Give again exactly the lines that run from the start of the records to the line holding "El comedor se", both ends counted. Do not include the pictures.

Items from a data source
..........
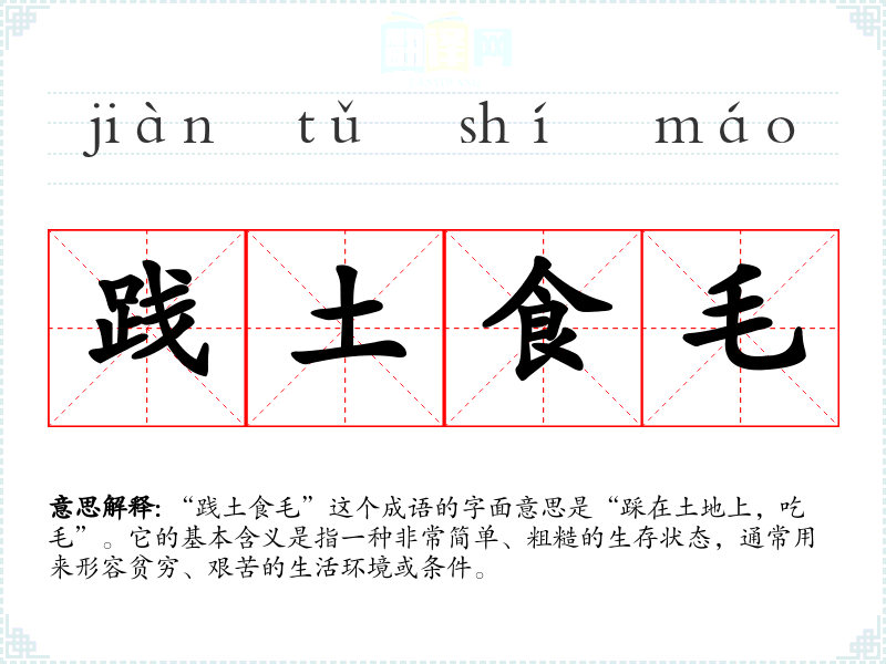 “践土食毛”这个成语的字面意思是“踩在土地上,吃毛”。它的基本含义是指一种非常简单、粗糙的生存状态,通常用来形容贫穷、艰苦的生活环境或条件。
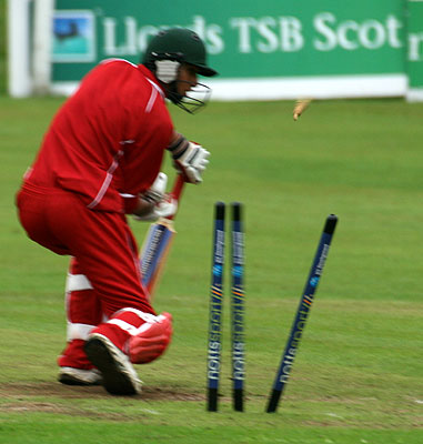 Waqar Akhtar bowled by Graham McDonnell
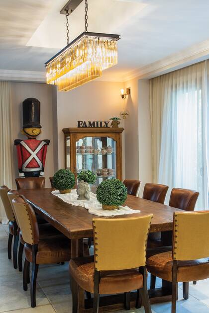 El comedor se ideó a partir de la lámpara de estilo art déco ámbar, y así se eligieron la mesa de madera maciza de olmo recuperada y las sillas de cuero avejentado. Todo bajo la mirada protectora de un Cascanueces fabricado a medida.
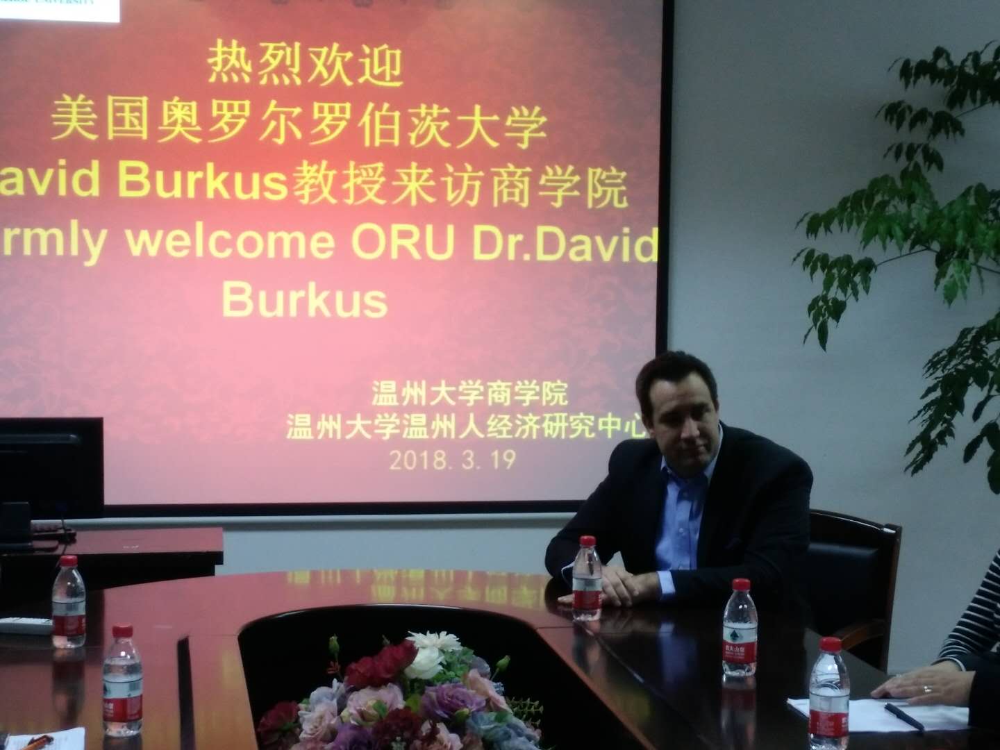 2018年3月19日,TED演讲者,美国ORU(Oral Robert University)大学David Burkus教授及其夫人,来到温大新葡萄8883官网AMG作学术讲座和交流。新葡萄8883官网AMG院长胡振华教授热情接待了David夫妇。新葡萄8883官网AMG副院长罗建利、林俐等其他领导和相关学科教授,以及温州大学温州人经济研究中心相关领导,新葡萄8883官网AMG的研究生及本科生同学等参加了本次交流活动。
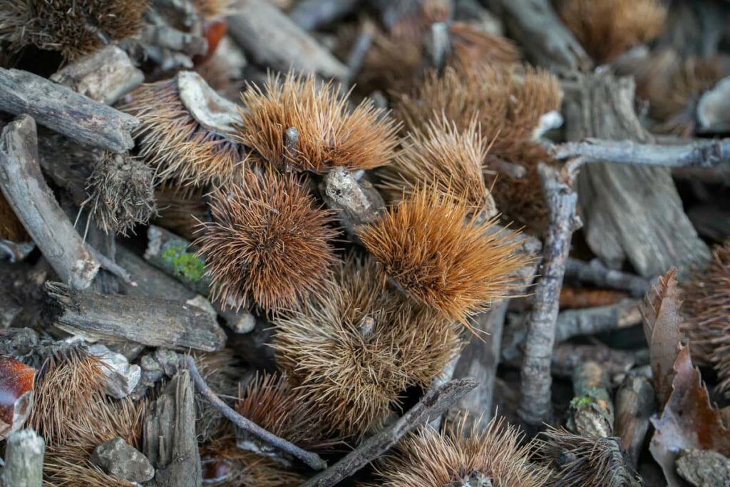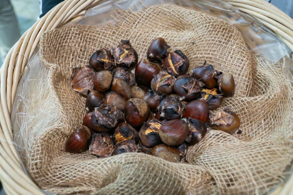 Dove c’era un castagno ci sarà sempre un altro castagno e così per secoli. Anche qui, come per la viticoltura, si possono realizzare sul campo vere e proprie selezioni clonali, per avere la miglior varietà nel contesto in cui crescere. E poi ci sono le tradizioni storiche, secolari, che narrano di coesione sociale, di famiglia e di aiuto ai più bisognosi. Quasi ovunque lungo il Distretto campano, la raccolta cessa il 1 novembre e dal giorno dei morti i ricci ancora a terra od in cima all’albero sono messi a disposizione della popolazione. Un retaggio del passato che significa lasciare del cibo per chi non poteva permettersi il pane. Con la differenza che la farina di castagne è adatta alle diete per celiaci, priva di sostanze allergeniche ed abbondante invece di tannini utili ai processi antiossidanti e di zuccheri complessi a lento rilascio glicemico.
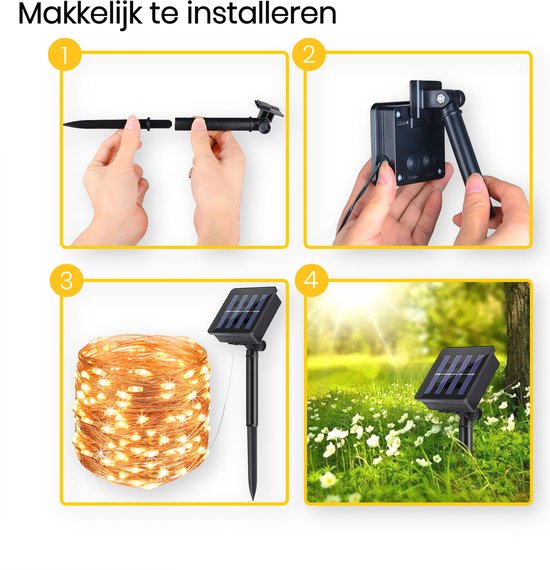 En plus d'être agréable, la guirlande lumineuse d'extérieur est également respectueuse de l'environnement. Positionnez le capteur solaire de manière à ce qu'il capte suffisamment de lumière du soleil pendant la journée et utilisez l'énergie solaire renouvelable sans dépendre du réseau électrique ou de longs câbles. Comme les lampes solaires de jardin sont parfaitement étanches, vous pouvez les laisser dehors les jours de pluie en toute tranquillité.n accrochez-les et profitez de l'ambiance des lampes solaires de jardin le soir !
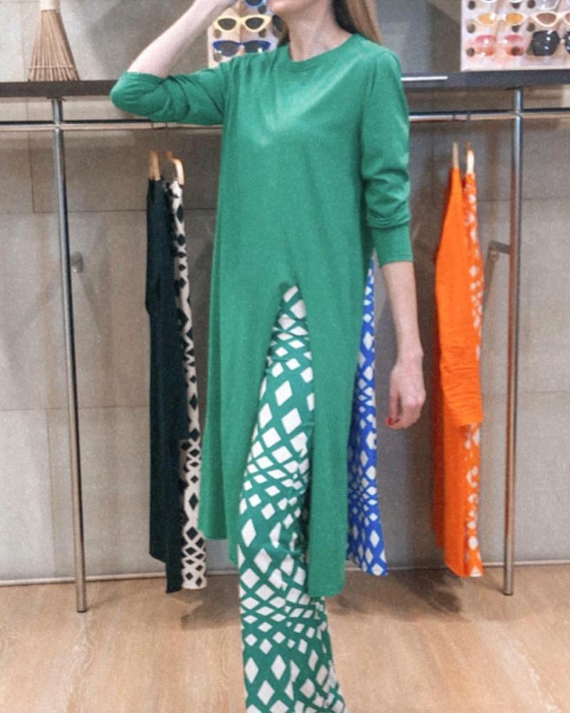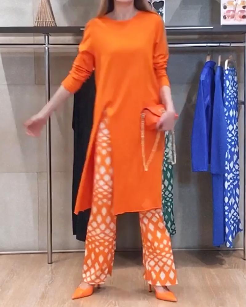 Solid Color Long Sleeve Slit Top & Printed Trousers Casual Two Piece Set
..........
• EXPECTED OUTPUT:
 “践土食毛”这个成语的字面意思是“踩在土地上,吃毛”。它的基本含义是指一种非常简单、粗糙的生存状态,通常用来形容贫穷、艰苦的生活环境或条件。
 Waqar Akhtar bowled by Graham McDonnell
 El comedor se ideó a partir de la lámpara de estilo art déco ámbar, y así se eligieron la mesa de madera maciza de olmo recuperada y las sillas de cuero avejentado. Todo bajo la mirada protectora de un Cascanueces fabricado a medida.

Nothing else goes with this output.